Fenomena Gerhana Bulan Total atau Blood Moon akan terlihat di seluruh Indonesia pada 3 Maret 2026, bertepatan dengan bulan Ramadan.

Fenomena Gerhana Bulan Total "Blood Moon" Hiasi Langit Indonesia Sore Ini
Penampakan simulasi Gerhana Bulan Total yang akan mencapai puncaknya sore ini, memperlihatkan rona merah di permukaan bulan.




IKLAN RUTAN

iklan rutan

iklan rutan

Batam24.com | JAKARTA – Masyarakat Indonesia sore ini akan disuguhi fenomena alam spektakuler berupa Gerhana Bulan Total yang diperkirakan mencapai puncaknya pada pukul 18.33 WIB. Badan Meteorologi, Klimatologi, dan Geofisika (BMKG) menyatakan bahwa fenomena ini dapat disaksikan hampir di seluruh wilayah Indonesia jika cuaca cerah.

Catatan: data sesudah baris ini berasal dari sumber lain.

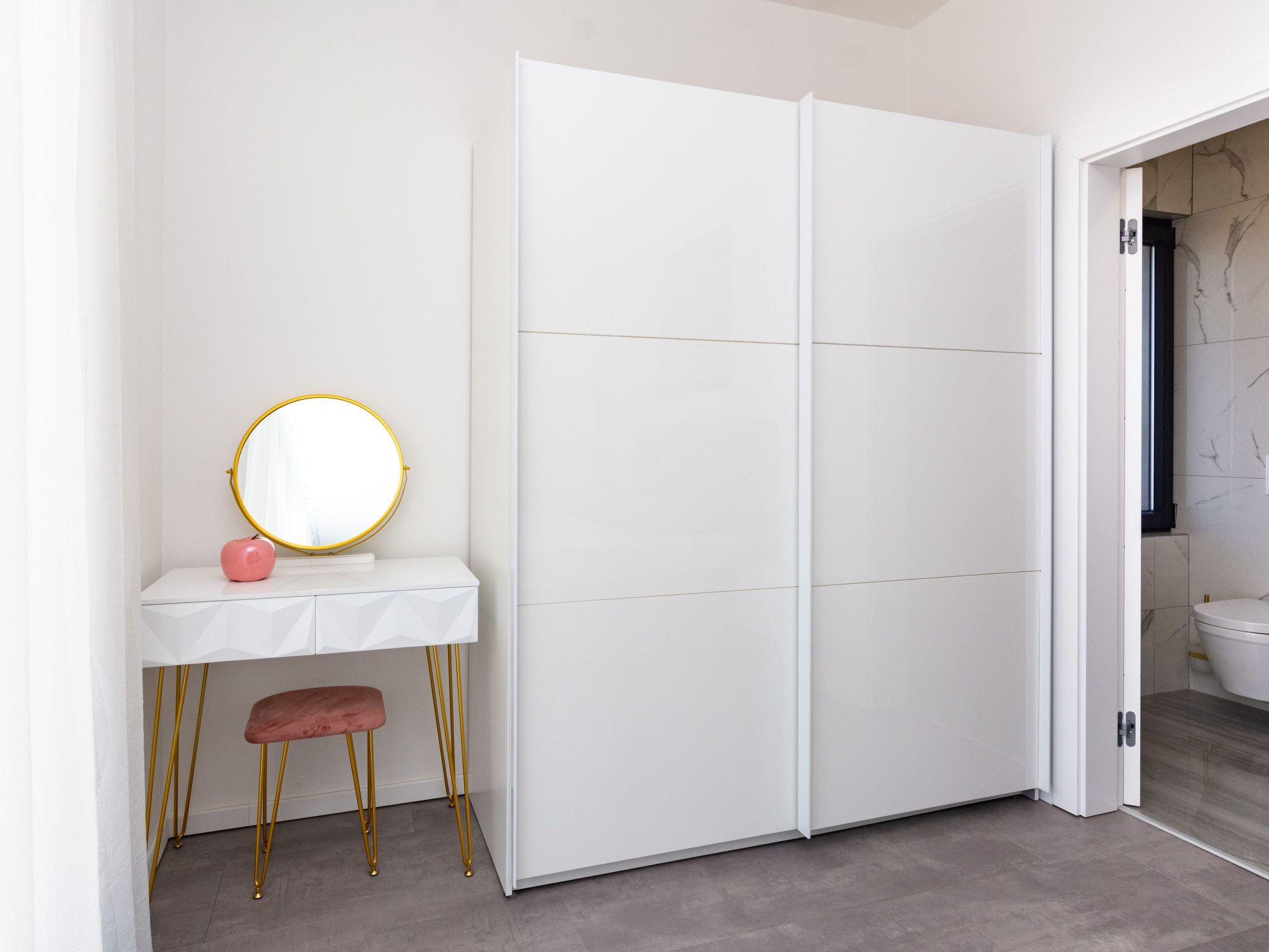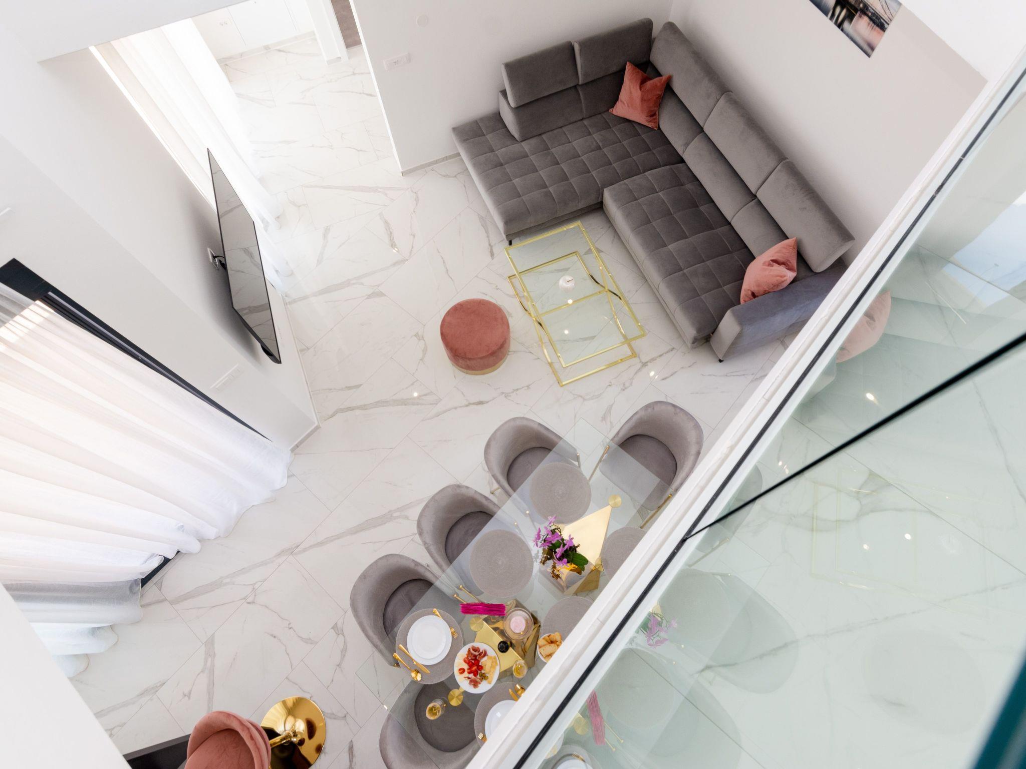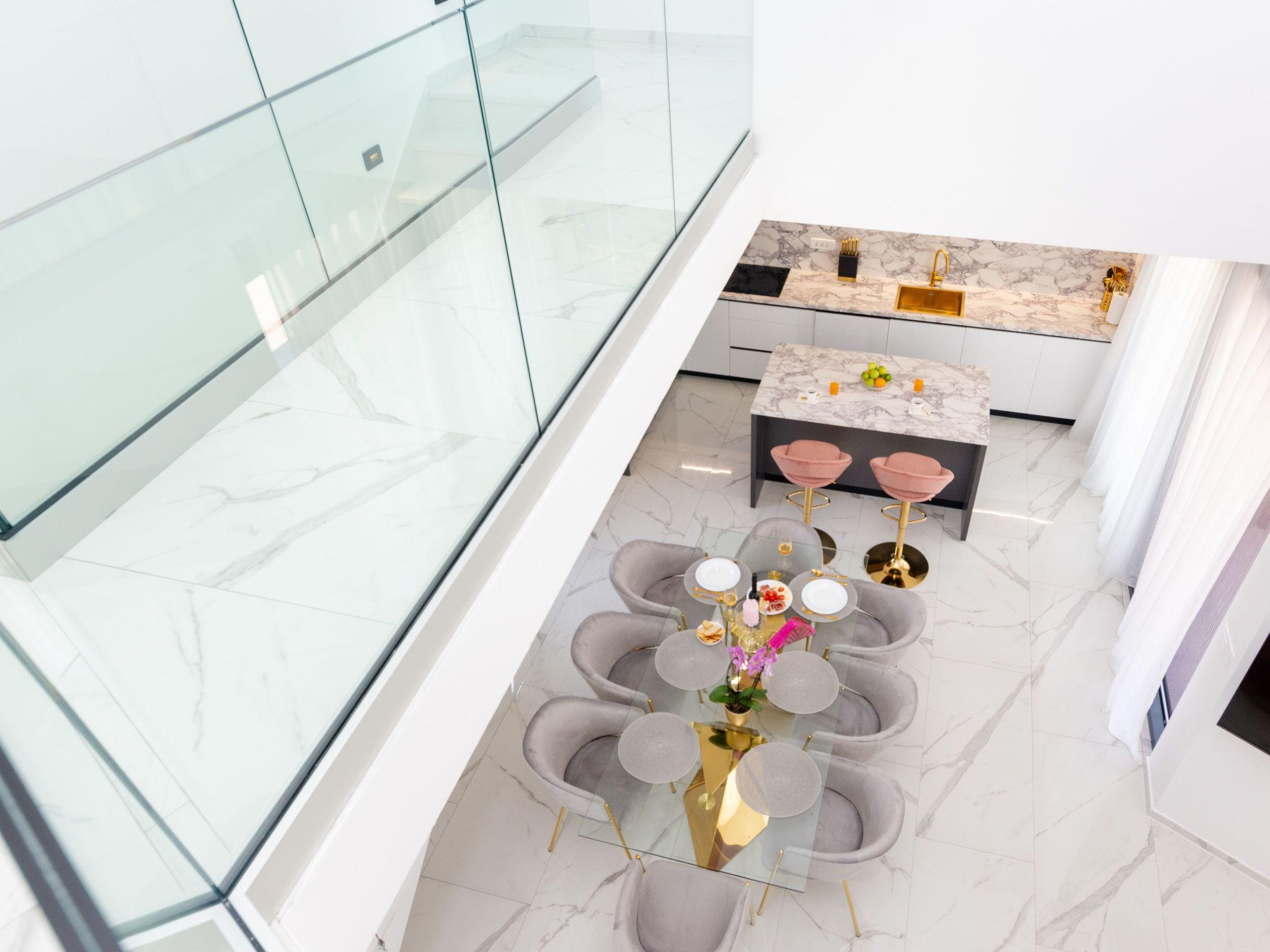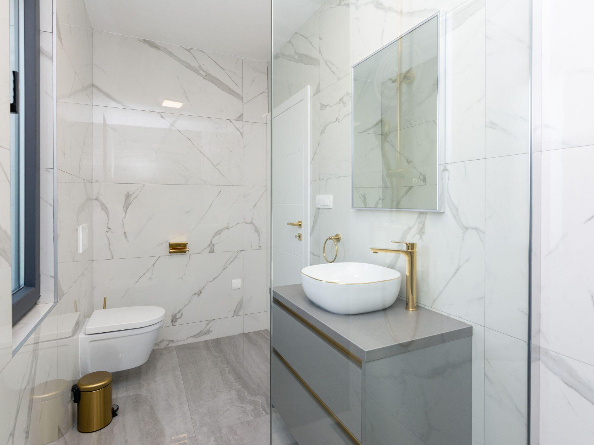 The 200 m² of living space is spread over two floors and is divided into a ground floor with a fully equipped kitchen, a dining room, a living room with partial sea views, an additional toilet and a bedroom with a double bed and en-suite bathroom. Upstairs, the space is divided into three double bedrooms with two bathrooms, one room with an en-suite bathroom and two rooms that share a bathroom. All bedrooms on the first floor have access to a balcony and views of the sea. On the ground floor, the kitchen, dining room and living room have partial sea views.
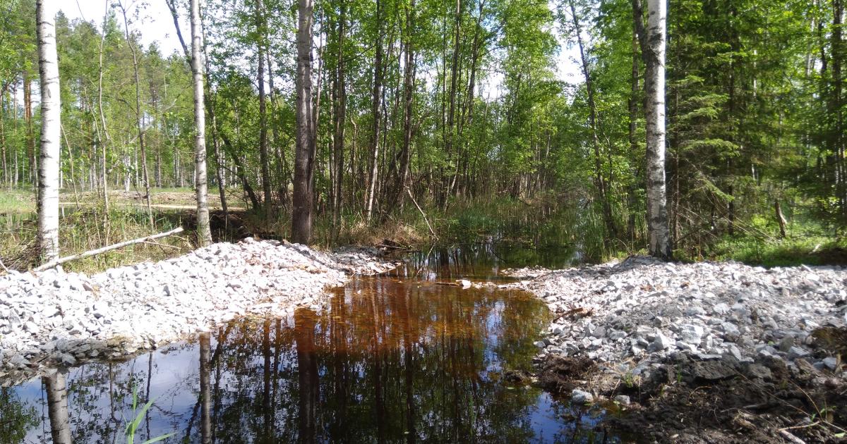 Den nya ordlistan innehåller termer och definitioner kring vatten och diken. Här syns en bottendamm i ett utfallsdike från en våtmark. Foto: Marjo Ahola.
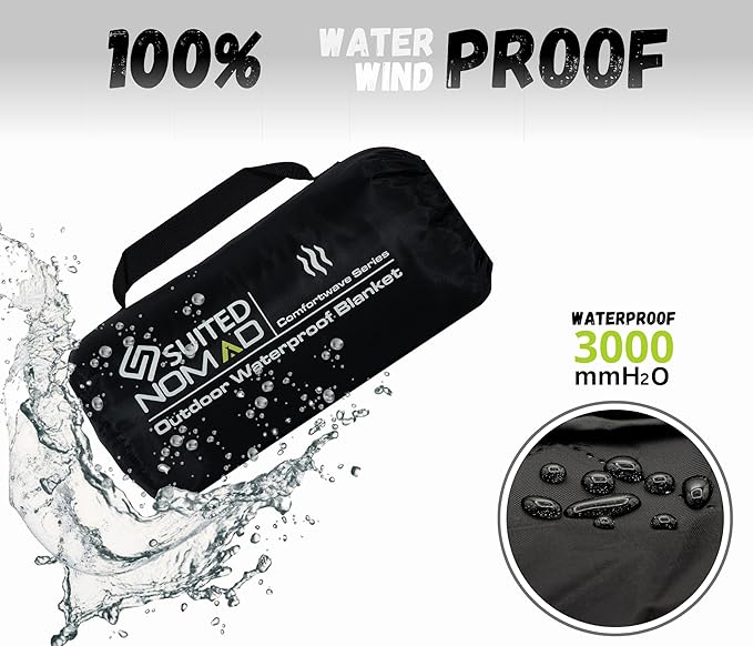 • WATERPROOF & WINDPROOF - This outdoor blanket is designed so you can enjoy your child’s event without freezing on the bleachers, appreciate a family picnic or camp trip protected from the rain or wind.

Fenomena yang sering dijuluki sebagai "Blood Moon" ini terjadi karena posisi matahari, bumi, dan bulan berada pada satu garis lurus yang sempurna. Hal ini menyebabkan bulan masuk sepenuhnya ke dalam bayangan umbra bumi. Menariknya, atmosfer bumi membiaskan cahaya merah ke permukaan bulan, sehingga bulan tampak berwarna kemerahan.

Berdasarkan jadwal yang dirilis, fase totalitas akan dimulai pada pukul 18.03 WIB dan berlangsung selama kurang lebih satu jam. Masyarakat di wilayah Indonesia Timur akan mendapatkan durasi pengamatan yang lebih panjang dibandingkan wilayah Barat karena posisi bulan yang sudah lebih tinggi saat fase gerhana dimulai.

Kementerian Agama juga telah mengeluarkan seruan kepada umat Muslim untuk melaksanakan salat sunnah gerhana atau salat Khusuf. Karena fenomena ini bertepatan dengan bulan suci Ramadan 1447 Hijriah, momen ini dianggap sebagai sarana refleksi diri dan pengagungan atas kebesaran Tuhan.

Para astronom amatir dan komunitas pecinta langit di berbagai kota telah menyiapkan teropong dan teleskop di titik-titik kumpul publik. Meski dapat dilihat dengan mata telanjang secara aman, penggunaan alat bantu optik akan memperjelas detail permukaan bulan yang berubah warna menjadi merah bata.

BMKG mengingatkan masyarakat untuk tetap memantau prakiraan cuaca setempat, mengingat beberapa wilayah di Indonesia saat ini masih berpotensi mengalami hujan lebat. Tutupan awan yang tebal bisa menjadi kendala utama dalam menikmati pemandangan langka ini secara maksimal.

Fenomena Gerhana Bulan Total berikutnya diprediksi baru akan terjadi kembali dalam beberapa tahun ke depan. Oleh karena itu, para fotografer dan pengamat langit sangat antusias untuk mengabadikan momen langka yang menghiasi langit nusantara pada awal Maret 2026 ini.